WORK ITEM> Leave out any pictures and transcribe all other data below exactly.

EXERCISE DATA>

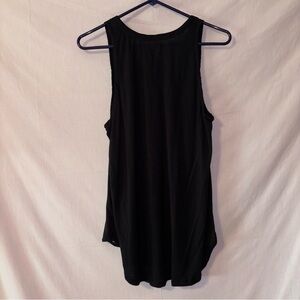 Chic black tank top with button-down front. Sleeveless design for easy layering.
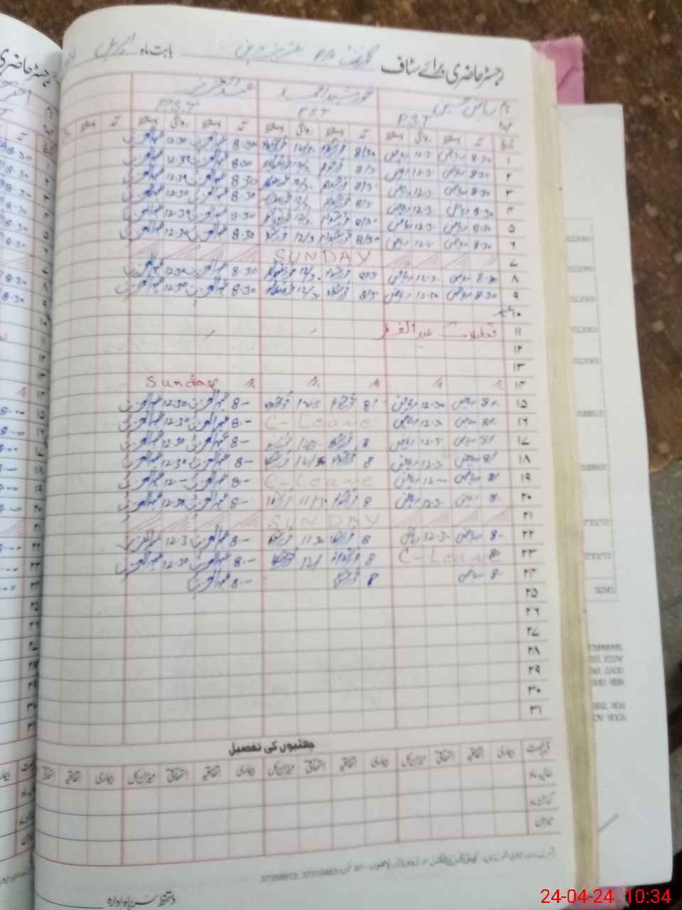 | CNIC | Full Name | Designation | R/C | Absence During Last Calender Month |
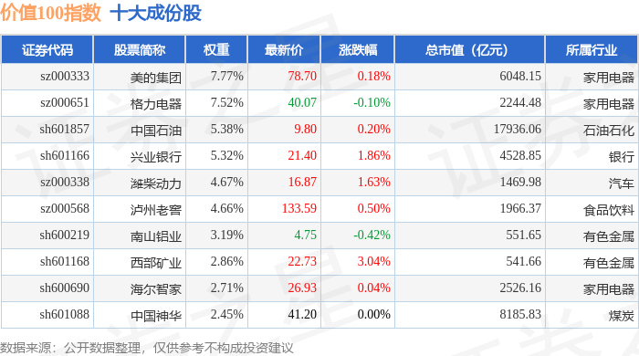 价值100(980081)指数十大成份股详情如下:

SOLVED EXERCISE>
 Chic black tank top with button-down front. Sleeveless design for easy layering.
 | CNIC | Full Name | Designation | R/C | Absence During Last Calender Month |
 价值100(980081)指数十大成份股详情如下:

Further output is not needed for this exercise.